Why is this iteration the last, because the expression sec&continueBit = 0
00000001 - sec
&
10000000 - continueBit
--------
00000000Implementation for VarLong
As I mentioned earlier, the implementation for this type is almost the same:
// ReadFrom ...
func (v *VarLong) ReadFrom(r io.Reader) (n int64, err error) {
var val uint64
for sec := continueBit; sec&continueBit != 0; n++ {
if n > VarLongMaxLen {
return 0, ErrTooBig
}
sec, err = readByte(r)
if err != nil {
return 0, errors.Wrap(err, "failed to read a byte")
}
val |= uint64(sec&segmentBits) << uint64(7*n)
}
*v = VarLong(val)
return n, nil
}Negative numbers
How are negative numbers obtained? It is quite problematic to paint such a bulky piece, but briefly using the example of a number -1:
in the last iteration it turns out 11111111 11111111 11111111 11111111 . This number is in binary and in the format uint32 = 4294967295 . Next, we already cast to the desired type int32as a result we get the number -one.
Unit tests
Where without them, we will cover only those places that are of interest to us, namely, we will miss the cases of returning errors. Test cases were taken from the examples described in documentation.
package packet
import (
"bytes"
"github.com/stretchr/testify/assert"
"strconv"
"testing"
)
func TestVarInt_ReadFrom(t *testing.T) {
a := assert.New
type testCase struct {
Bytes []byte
Expected VarInt
}
testCases := []testCase{
{
Bytes: []byte{0x00},
Expected: 0,
},
{
Bytes: []byte{0x01},
Expected: 1,
},
{
Bytes: []byte{0x10},
Expected: 16,
},
{
Bytes: []byte{0x7f},
Expected: 127,
},
{
Bytes: []byte{0xac, 0x02},
Expected: 300,
},
{
Bytes: []byte{0xdd, 0xc7, 0x01},
Expected: 25565,
},
{
Bytes: []byte{0xff, 0xff, 0xff, 0xff, 0x07},
Expected: 2147483647,
},
{
Bytes: []byte{0x80, 0x80, 0x80, 0x80, 0x08},
Expected: -2147483648,
},
{
Bytes: []byte{0xff, 0xff, 0xff, 0xff, 0x0f},
Expected: -1,
},
}
for _, tc := range testCases {
t.Run(strconv.FormatInt(int64(tc.Expected), 10), func(t *testing.T) {
var varInt VarInt
n, err := varInt.ReadFrom(bytes.NewReader(tc.Bytes))
// No error should be here.
a.NoError(err)
// Length of the VarInt must be equal to the bytes size.
a.EqualValues(len(tc.Bytes), n)
// Asserting to the expected VarInt value.

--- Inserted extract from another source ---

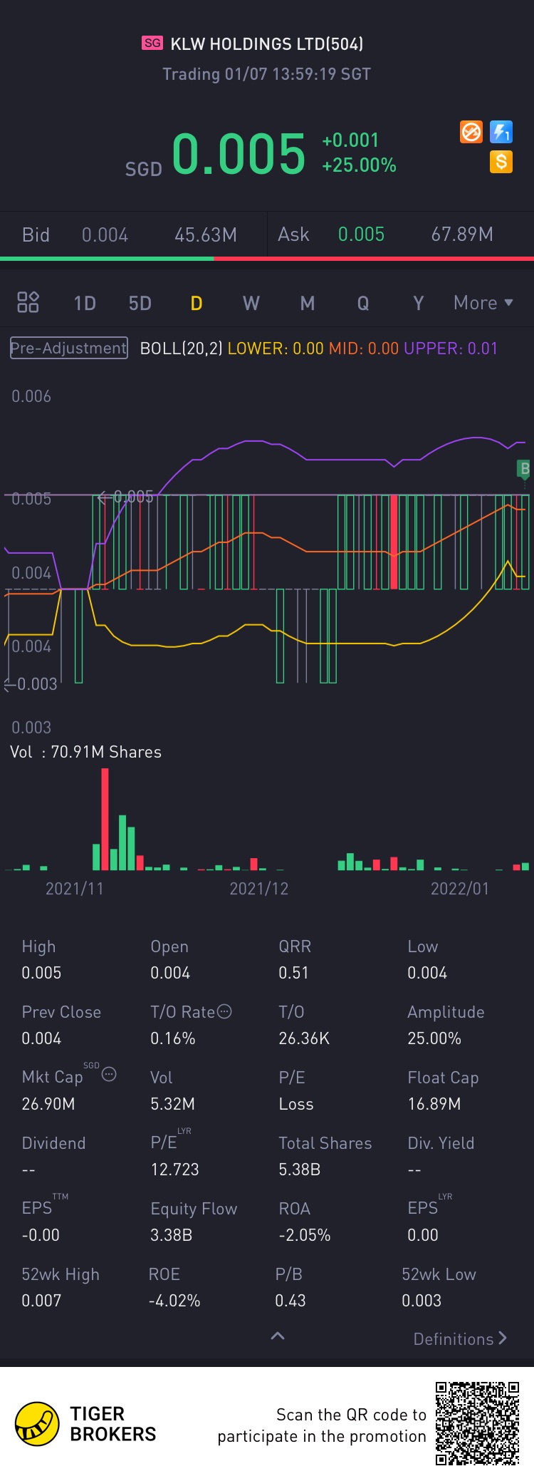 $KLW HOLDINGS LTD(504.SI)$With more people staying at home during the past 2 years a marked improvement in home renovation in Singapore continues. Could this stock increase by another 25% in the first 2 quarters of 2022?

a.EqualValues(tc.Expected, varInt)
})
}
}
func TestVarLong_ReadFrom(t *testing.T) {
a := assert.New
type testCase struct {
Bytes []byte
Expected VarLong
}
testCases := []testCase{
{
Bytes: []byte{0x00},
Expected: 0,
},
{
Bytes: []byte{0x01},
Expected: 1,
},
{
Bytes: []byte{0x10},
Expected: 16,
},
{
Bytes: []byte{0x7f},
Expected: 127,
},
{
Bytes: []byte{0xac, 0x02},
Expected: 300,
},
{
Bytes: []byte{0xdd, 0xc7, 0x01},
Expected: 25565,
},
{
Bytes: []byte{0xff, 0xff, 0xff, 0xff, 0x07},
Expected: 2147483647,
},
{
Bytes: []byte{0x80, 0x80, 0x80, 0x80, 0xf8, 0xff, 0xff, 0xff, 0xff, 0x01},
Expected: -2147483648,
},
{
Bytes: []byte{0xff, 0xff, 0xff, 0xff, 0xff, 0xff, 0xff, 0xff, 0xff, 0x01},
Expected: -1,
},
{
Bytes: []byte{0xff, 0xff, 0xff, 0xff, 0xff, 0xff, 0xff, 0xff, 0x7f},
Expected: 9223372036854775807,
},
{
Bytes: []byte{0x80, 0x80, 0x80, 0x80, 0x80, 0x80, 0x80, 0x80, 0x80, 0x01},
Expected: -9223372036854775808,
},
}
for _, tc := range testCases {
t.Run(strconv.FormatInt(int64(tc.Expected), 10), func(t *testing.T) {
var varLong VarLong
n, err := varLong.ReadFrom(bytes.NewReader(tc.Bytes))
// No error should be here.
a.NoError(err)
// Length of the VarInt must be equal to the bytes size.
a.EqualValues(len(tc.Bytes), n)
// Asserting to the expected VarInt value.
a.EqualValues(tc.Expected, varLong)
})
}
}
Conclusion
This article turned out to be quite long and perhaps difficult to understand, but I tried to state everything in as much detail as possible. Thinking about writing second part about two types of data, in which I will analyze in detail how VarInt and VarLong converted back to a sequence of bytes. They will be very happy to read your opinion, answer your questions in the comments!